“How is Mum?” Ronnie asked with a grin.
“Mum who?” I said as I slid back into bed. The last person I wanted to think of as I dived beneath the covers for Ms. Gale’s lovely pussy was my mother. Fortunately, I had no problem forgetting she ever existed.
“Cy?” Chudruk called from outside the tent a few hours later. I was too exhausted to answer. Ronnie turned out to be tireless in the sack. Much as I didn’t want to leave that cot-ever-I figured I needed to replenish some vital bodily fluids or I would die.
“Are you dead?” My friend read my thoughts through the thick felt.
“Just a minute,” I called as I carefully slid out from underneath a sleeping Veronica. I guess she had to recharge somehow. After putting on a T-shirt, shorts and tennis shoes I quietly joined Chudruk outside.
“You look like hell.” He smiled. “Rough night?”
“And morning,” I answered, running my hands through my hair. “Sorry I missed training.” I looked back at the door. “I was detained.”
Chudruk nodded. “It’s okay. Everyone’s taking the day off. I was coming to offer you the comfort of my goats, but I see you found other entertainment.”
I laughed. “Yeah. I don’t think I’ll need goats for a while.”
“Well, the offer still stands.” He held out a clothwrapped bundle. My stomach growled in appreciation as I opened it to find bread, cheese and milk. I nodded and took the bundle inside to give my sleeping woman breakfast in bed.

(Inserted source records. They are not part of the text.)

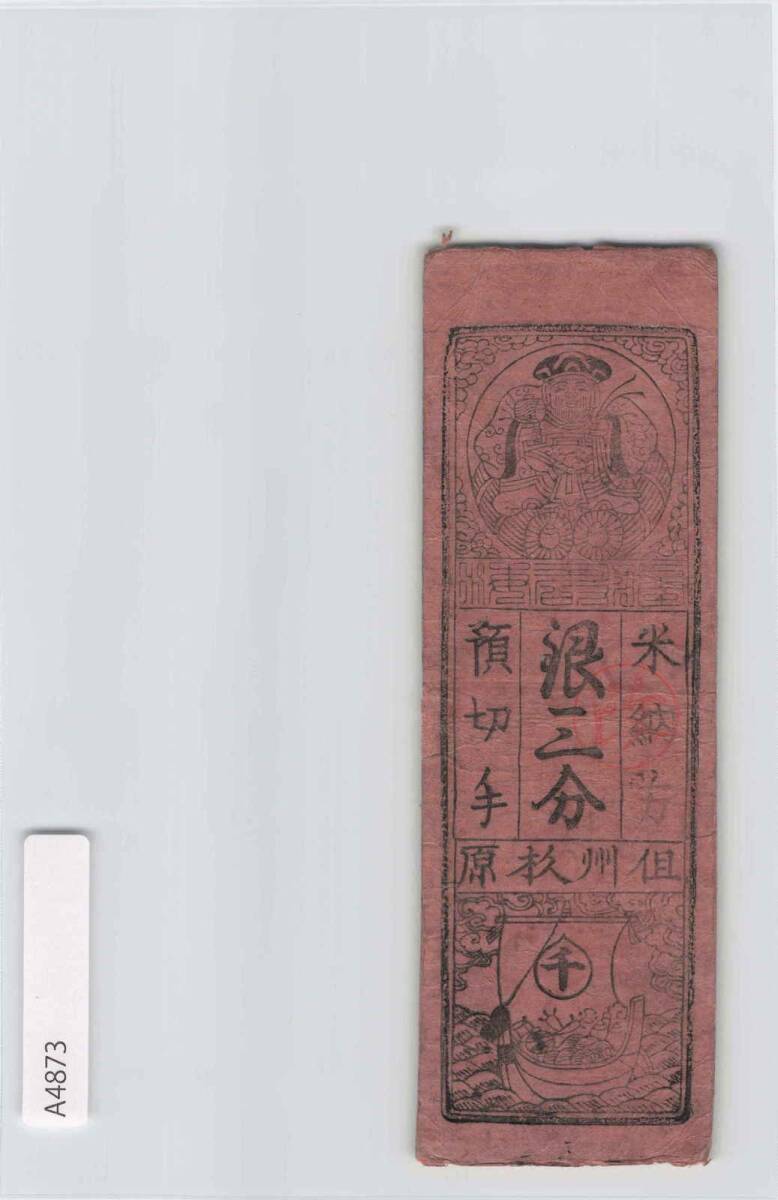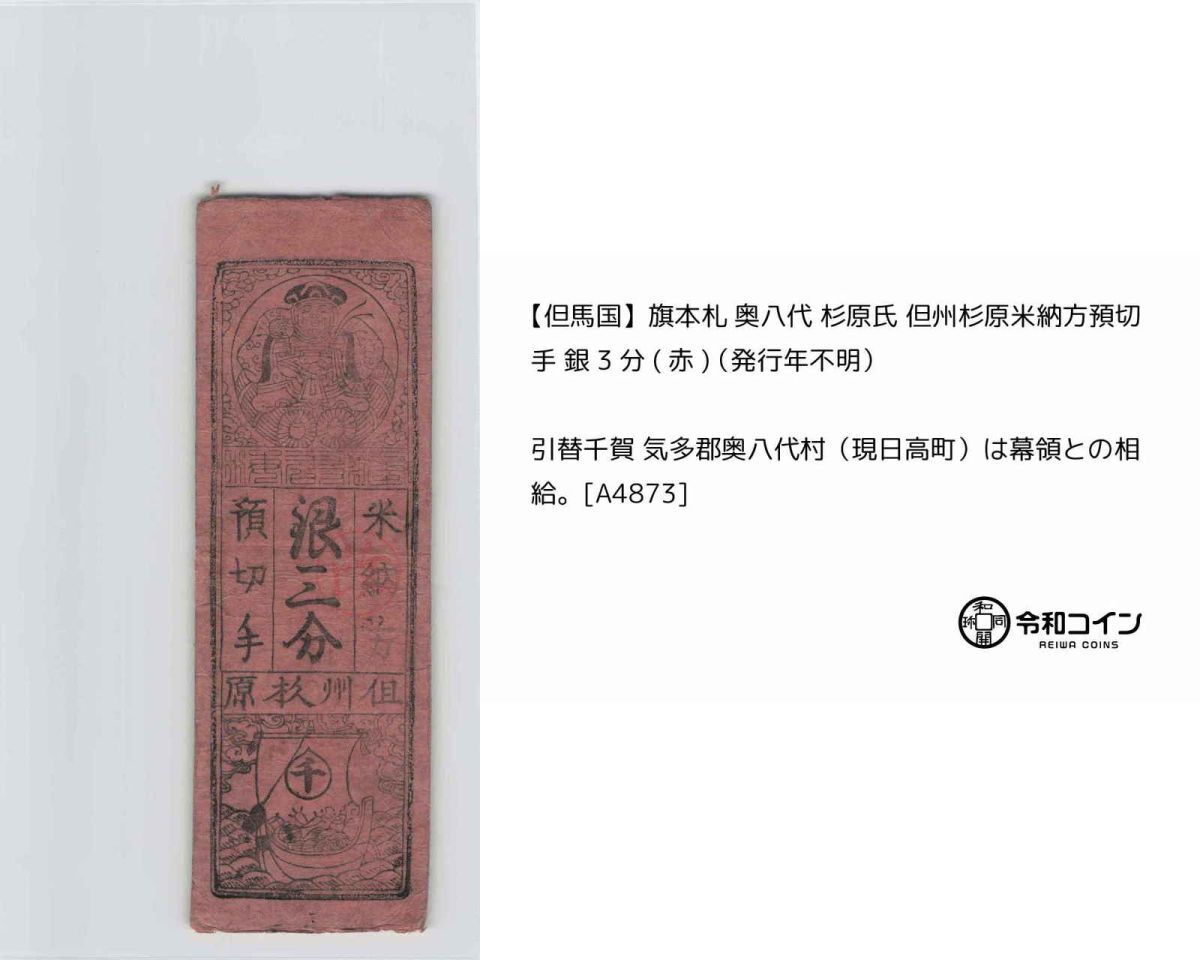 *[令]【但馬国】旗本札 奥八代 杉原氏 但州杉原米納方預切手 銀3分【詳細説明カード付】藩札,旗本札,日本古紙幣[A4873]7p7
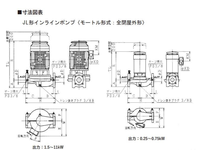 HITACHI 日立水泵 JL40P2-E50.25K 200V/50HZ 立式清水泵 是否支持加工定制 | 否 | ||
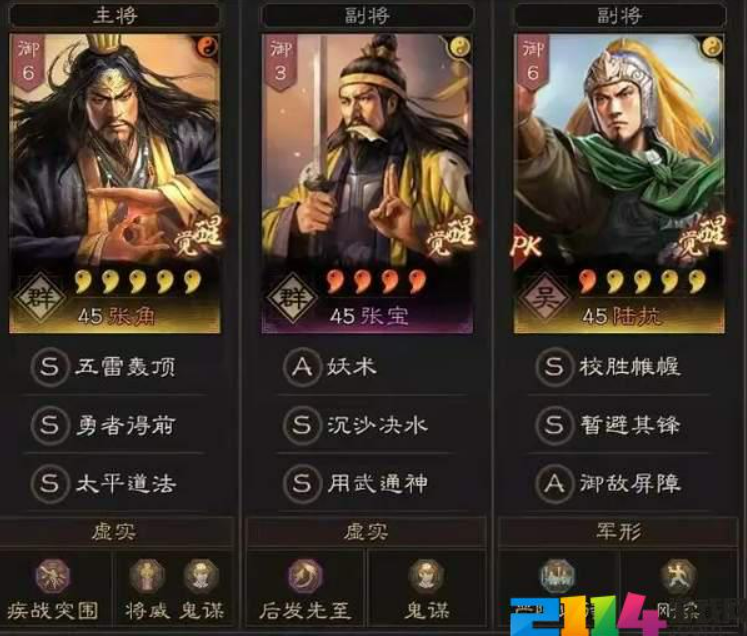 主将张角:勇者得前、太平道法;疾战突围+将威+鬼谋;全智力
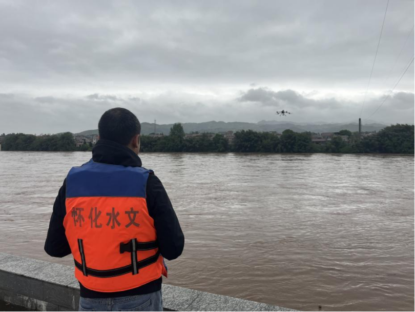麻阳陶伊水文站内,无人机腾空而起、自动缆道测流系统高效运转,监测人员根据水情变化加密监测频次,开展流量测验、水位观测等作业,一份份流量、水位数据即时传达。怀化水文中心机关水情值班室里,同样一片灯火通明,水情值班人员全神贯注,继续紧盯屏幕,分析、计算、编制材料,电话声、商讨声从未间断。怀化水文上下联动,共同筑起水文数据防线,在暴雨中、洪水边默默守护着万家灯火。
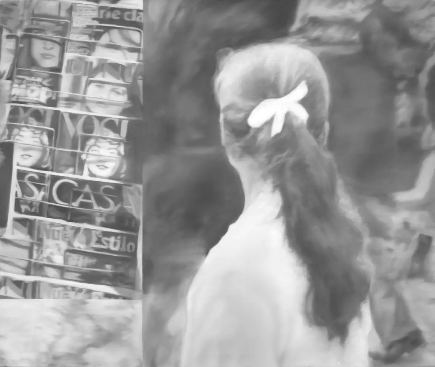 Mich beschäftigt die Frage nach Herkunft, Erinnerung und Vergessen, insbesondere in meiner eigenen Familiengeschichte zwischen Nordspanien und Deutschland. Vieles darin blieb mir bisher verborgen. Ich erinnere mich an Fragmente, an bruchstückhafte Erzählungen meiner Großmutter aus Asturien. Diese Erinnerungen sind wie verblasste Bilder in meinem Gedächtnis und wurden zum Ausgangspunkt meiner künstlerischen Arbeit. Bei der Auflösung eines Hauses fand ich alte Fotografien. Je mehr ich mich mit ihnen beschäftigte, desto mehr wollte ich über diese Menschen wissen. Ich reiste in das spanische Heimatdorf meiner Großmutter. In Archiven, durch Zeitungsartikel und Gespräche begann sich etwas zu fügen. Zurück in meinem Atelier fing ich an, die kleinen Fotografien zu vergrößern und anhand der Erinnerungen und Erzählungen zusammenzusetzen. Durch das Malen dieser Bilder komme ich den Menschen näher, hole sie zurück ins Gedächtnis und gebe ihnen Bedeutung. Ich mache sie zu einem Teil der Gegenwart, gegen das Vergessen.
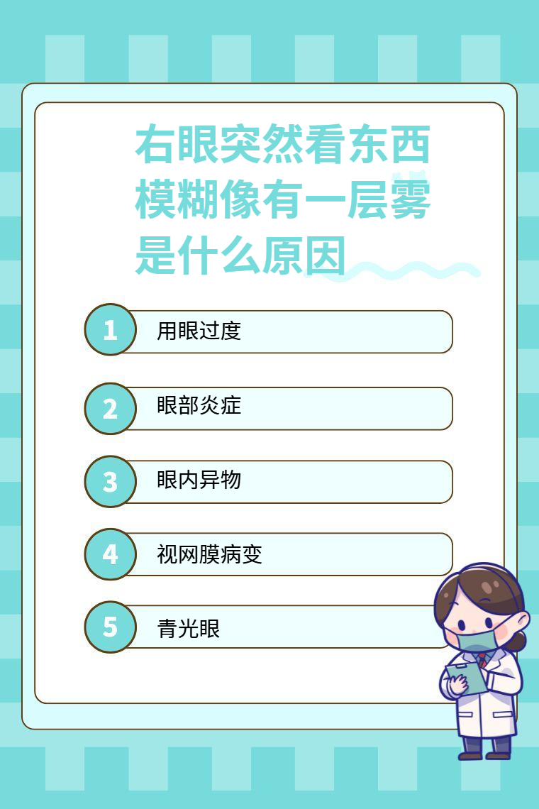 右眼突然看东西模糊像有一层雾可能是用眼过度、眼部炎症、眼内异物、视网膜病变、青光眼等情况。
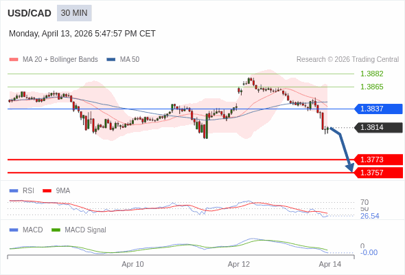 交易策略: 看跌,在 1.3837 之下。
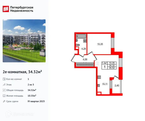 1 комн. квартира в Санкт-Петербурге в ипотеку от 57 248 руб/месяц
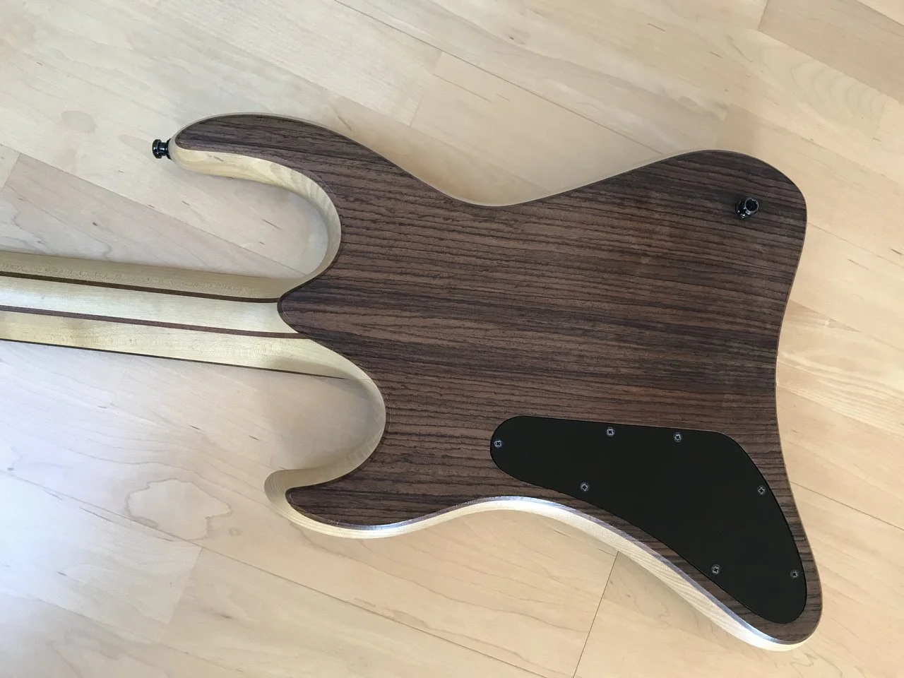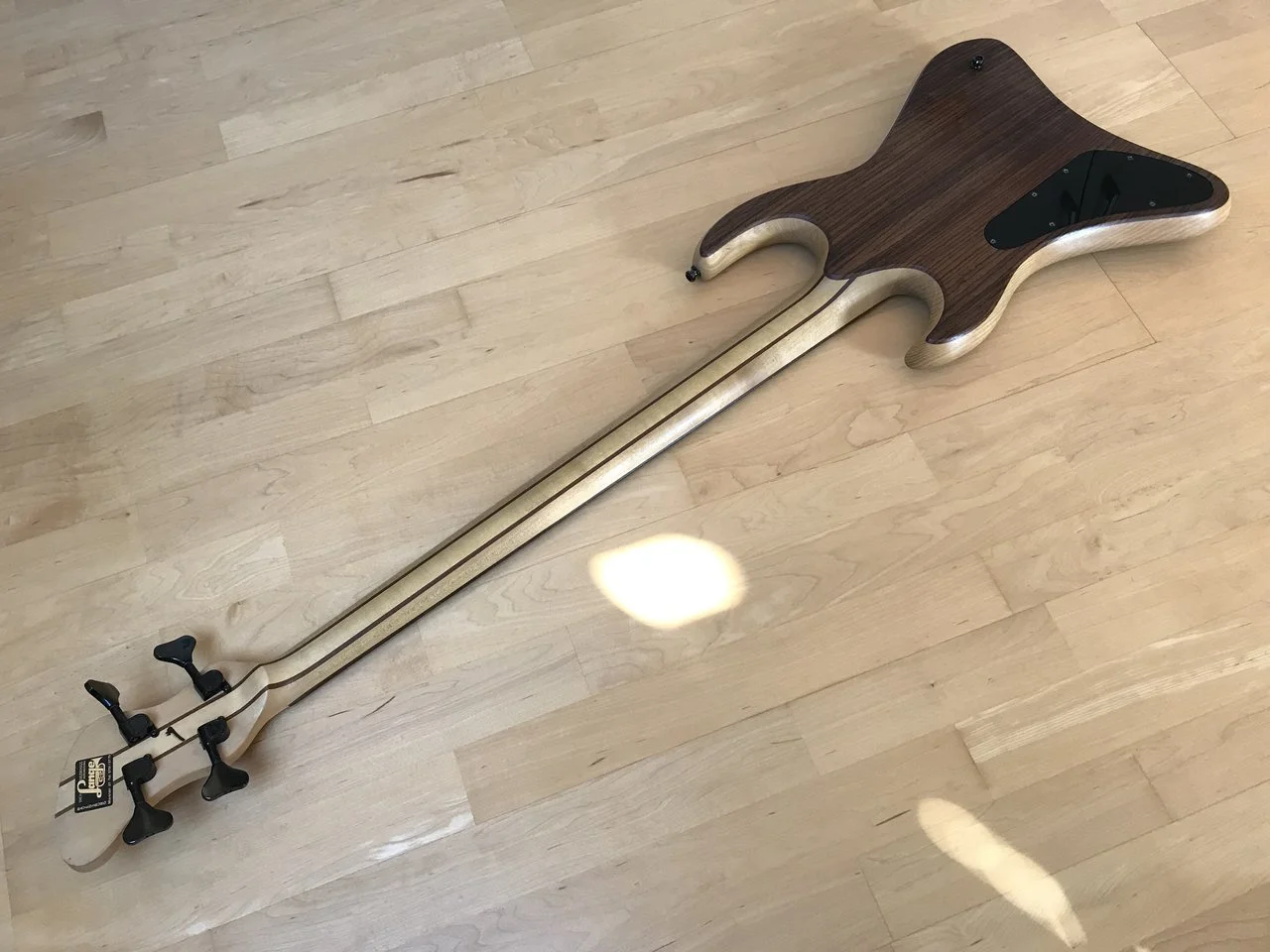 „Du musst ihn anfassen und spielen“: Die erste Berührung mit dem Instrument - ein magischer Augenblick. Durch seine Rundungen an dem markanten, schrägen Korpus, dem besonderen Hals mit Verdickung an der Kopfplatte mit dem nach oben ragenden Horn, der Vogelaugen-Ahorn-Zierde am Kopf und der Aubergine-Lackierung, durch die Eschenholz-Maserung schimmerte, fühlte sich ganz und gar organisch an, als hätte die Natur selbst dieses Instrument hervorgebracht.
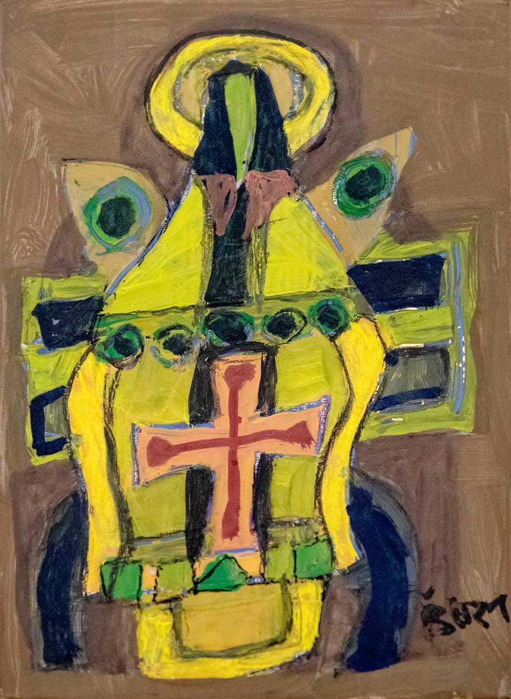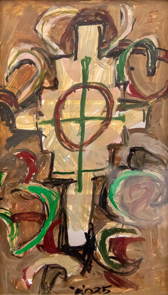Elementul central, Crucea, pe care o vedeți deopotrivă pe afiș și în lucrări, nu este aici un simbol al sfârșitului. La Ilie Boca, crucea este axă, este verticalitate. Sfinții Părinți ne învață că „Crucea este poarta tainelor” (Sfântul Isaac Sirul) și că ea este „semnul iubirii necuprinse” (Sfântul Ioan Gură de Aur). Este modul lui de a spune că viața merge mai departe, că ordinea și spiritul triumfă asupra haosului ori durerii. Această expoziție îmbracă poate și haina unui rămas-bun, dar e și punctul dinspre care se poate pleca în cea mai profundă aventură, aceea a reîntoarcerii acasă. Nu ezit să susțin că maestrul continuă să cultive „stările bune”, cele care te determină să mergi, să te îndepărtezi dar să și revii, să iei aminte, apoi să creezi.
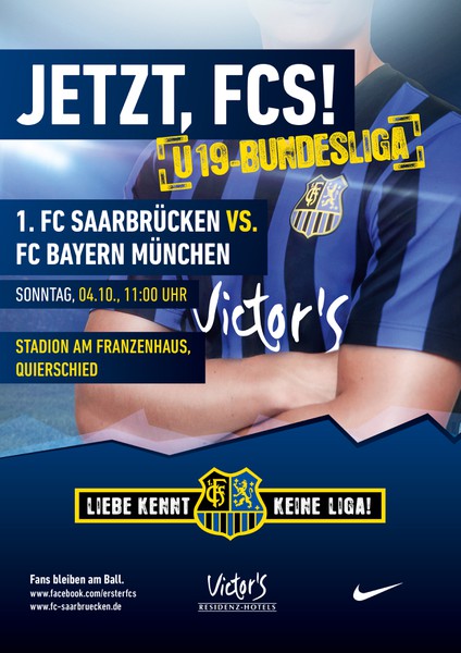Am kommenden Sonntag, den 04.10.2015 kommt es um 11:00 Uhr auf unserem Rasenplatz am Franzenhaus wieder zu einer sehr interessanten Partie in der U-19 Bundesliga Süd/Südwest. Die A-Jugend des 1. FC Saarbrücken empfängt den FC Bayern München. Im vergangenen Jahr lockte diese Partie 1200 Zuschauer nach Quierschied und auch in diesem Jahr erwartet unsere Spvgg als FCS-Partner und Organisator der Heimspiele wieder zahlreiche Zuschauer.
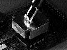 В последнем случае используются насадки, имеющие специальные канавки для заполнения их припоем. Насадка устанавливается на выводы микросхемы с обратной стороны платы. Припой в отверстиях расплавляется, и микросхему можно поднять пинцетом. Процесс занимает 15 секунд. Очистить выводы микросхемы и контактные площадки можно с помощью плетенки и паяльника с широким наконечником.
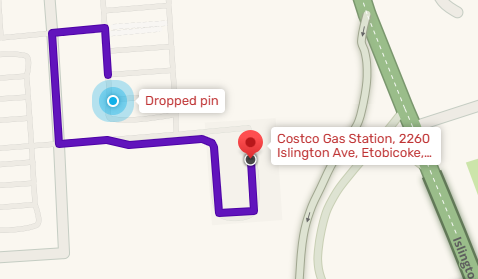 I replied asking where he started but i believe he started his route in the parking lot but because the segment going into the gas station is so far from the intersection and has turn disabled from the other segment it gives a strange route to the gas station. I understand why the segment into the gas station starts where it does but the intersection close to the gas station you can make a left from into the gas station and that’s why i believe he started in the parking lot of costco and tried to go get gas but it gave him a weird route
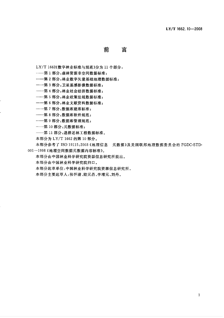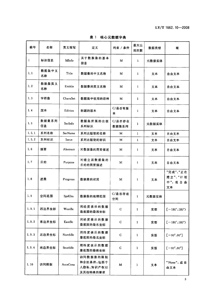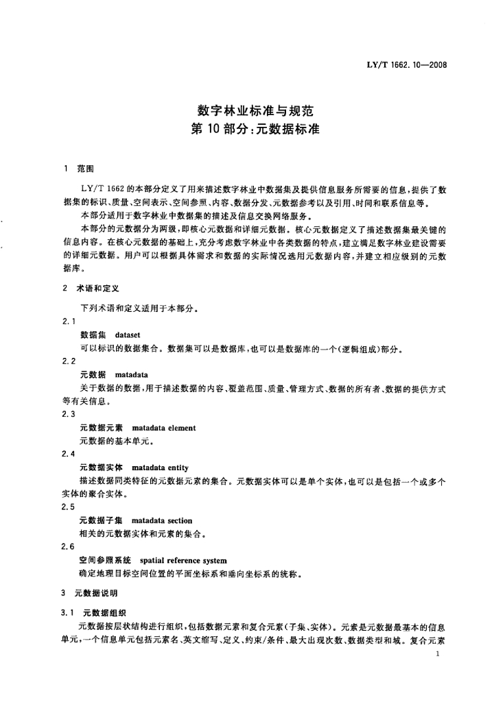 LY/T 1662.10-2008 数字林业标准与规范 第10部分:元数据标准
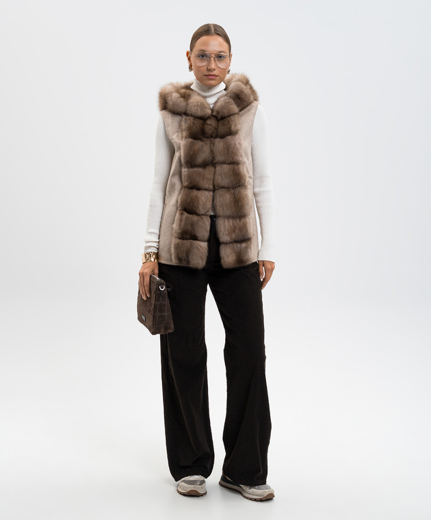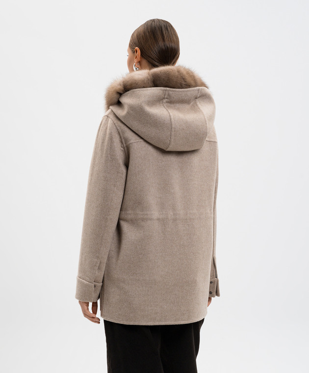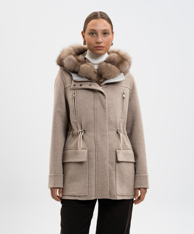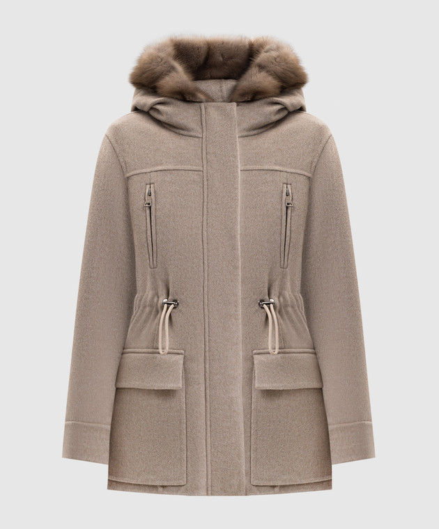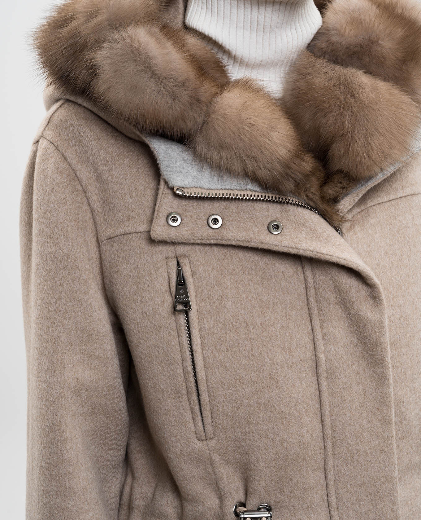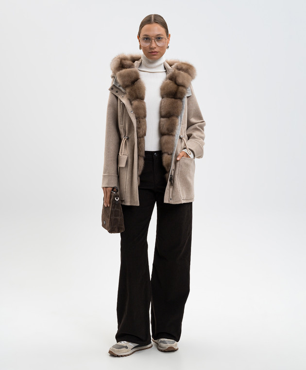 Бежева парка з кашеміру з жилетом з хутром соболя
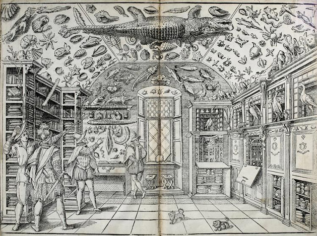 도2. Ferrante Imperato, Cabinet of Curiosities in Dell' Historia Naturale, 1559, fold out woodcut print, c. 33.7 × 23.5 cm closed, Biodiversity Heritage Library, Naples, Italy.

Ronnie pushed her hair away from sleepy eyes. “Was that Chudruk?” She smiled when she saw the food.
“Yes,” I answered as I handed her the cup of milk. “He had a tempting offer, but I told him I was giving up goats for you.”
“Wow. It’s good to know I can hold my own against a couple of smelly goats,” she said between sips.
I scratched my chin. “Oh, I don’t know. These are cashmere-producing goats. Very rare and very expensive.”
“Come on!” Ronnie rolled her eyes. “They’re just goats.”
Shaking my head, I replied, “Not really. You see, cashmere only comes from Mongolian and Chinese goats.” I stroked her stomach. “The hair on their bellies creates pure cashmere. These goats can’t live anywhere else in the world. And over the course of a year it takes three to four goats just to produce enough for one sweater.”
Veronica looked at me strangely. “How do you know that?”
I swallowed my food before responding. “Knitter, remember? And I love working with cashmere. It’s really expensive, though.”
She said nothing for a moment. “You know, every time I think I’ve got you pigeonholed, you completely freak me out.”
“I’m not sure that’s a good thing.” If I had hackles, they would have been rising about then.
“When I say ‘freaking out,’ I don’t mean to insult you,” she started.
“I don’t like the idea of being pigeonholed. Now, that’s insulting.” I kissed her on the forehead.
“Why would that insult you?” Veronica frowned as she got out of bed and started dressing.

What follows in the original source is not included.